_Brief_
For the data below, restate word for word only the lines from the line containing "1 Gram Gold" through the line containing "Und unentwegt macht", both ends included.

_Data_
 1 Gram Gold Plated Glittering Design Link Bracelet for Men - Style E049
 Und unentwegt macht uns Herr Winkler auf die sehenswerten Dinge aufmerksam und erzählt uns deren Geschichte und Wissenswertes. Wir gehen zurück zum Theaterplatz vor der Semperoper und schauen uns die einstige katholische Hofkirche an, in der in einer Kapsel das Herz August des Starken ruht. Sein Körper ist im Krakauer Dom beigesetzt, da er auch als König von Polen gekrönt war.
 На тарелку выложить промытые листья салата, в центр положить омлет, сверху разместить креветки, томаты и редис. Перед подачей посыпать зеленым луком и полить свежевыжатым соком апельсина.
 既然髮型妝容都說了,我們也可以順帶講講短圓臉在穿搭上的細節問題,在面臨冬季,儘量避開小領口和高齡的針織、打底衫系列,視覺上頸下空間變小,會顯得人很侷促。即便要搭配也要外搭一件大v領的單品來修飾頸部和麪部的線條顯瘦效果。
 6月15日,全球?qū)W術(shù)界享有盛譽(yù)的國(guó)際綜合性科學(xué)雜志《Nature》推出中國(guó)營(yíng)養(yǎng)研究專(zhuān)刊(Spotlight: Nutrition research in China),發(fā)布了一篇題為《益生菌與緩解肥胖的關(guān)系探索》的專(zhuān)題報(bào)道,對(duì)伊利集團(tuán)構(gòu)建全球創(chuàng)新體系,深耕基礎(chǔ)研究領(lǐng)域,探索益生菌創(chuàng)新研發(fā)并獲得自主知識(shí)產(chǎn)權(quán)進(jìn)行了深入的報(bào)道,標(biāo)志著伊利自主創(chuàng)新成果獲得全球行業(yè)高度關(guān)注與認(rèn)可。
* * *
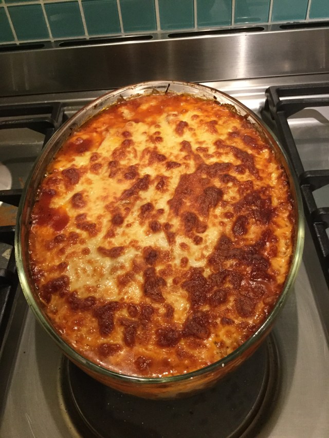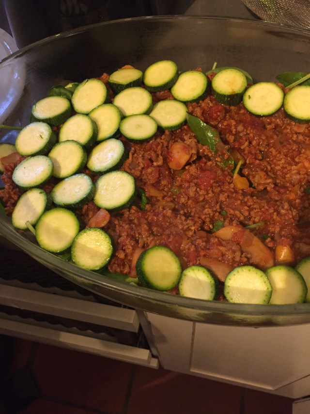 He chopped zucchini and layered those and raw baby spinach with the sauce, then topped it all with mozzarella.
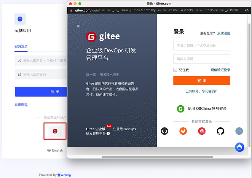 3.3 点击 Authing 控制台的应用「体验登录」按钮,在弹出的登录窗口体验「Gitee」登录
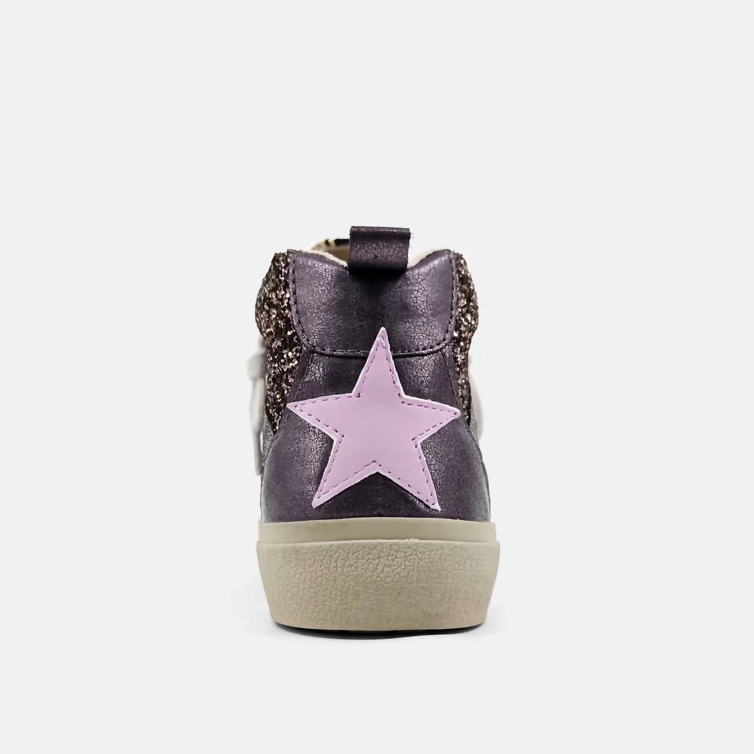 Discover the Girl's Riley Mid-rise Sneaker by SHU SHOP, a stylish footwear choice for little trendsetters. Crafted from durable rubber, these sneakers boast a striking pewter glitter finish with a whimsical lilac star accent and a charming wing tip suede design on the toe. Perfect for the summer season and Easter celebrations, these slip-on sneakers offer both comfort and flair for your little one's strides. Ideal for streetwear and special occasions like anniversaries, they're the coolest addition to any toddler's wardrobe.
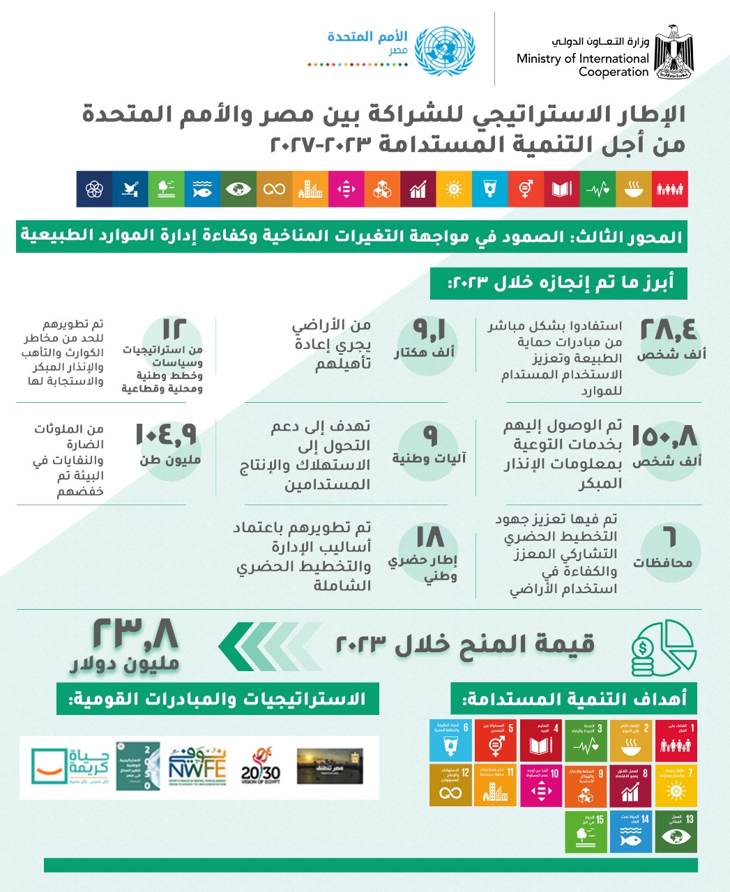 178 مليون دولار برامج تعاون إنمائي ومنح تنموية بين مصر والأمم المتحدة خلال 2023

_Solution for this exercise_
 1 Gram Gold Plated Glittering Design Link Bracelet for Men - Style E049
 Und unentwegt macht uns Herr Winkler auf die sehenswerten Dinge aufmerksam und erzählt uns deren Geschichte und Wissenswertes. Wir gehen zurück zum Theaterplatz vor der Semperoper und schauen uns die einstige katholische Hofkirche an, in der in einer Kapsel das Herz August des Starken ruht. Sein Körper ist im Krakauer Dom beigesetzt, da er auch als König von Polen gekrönt war.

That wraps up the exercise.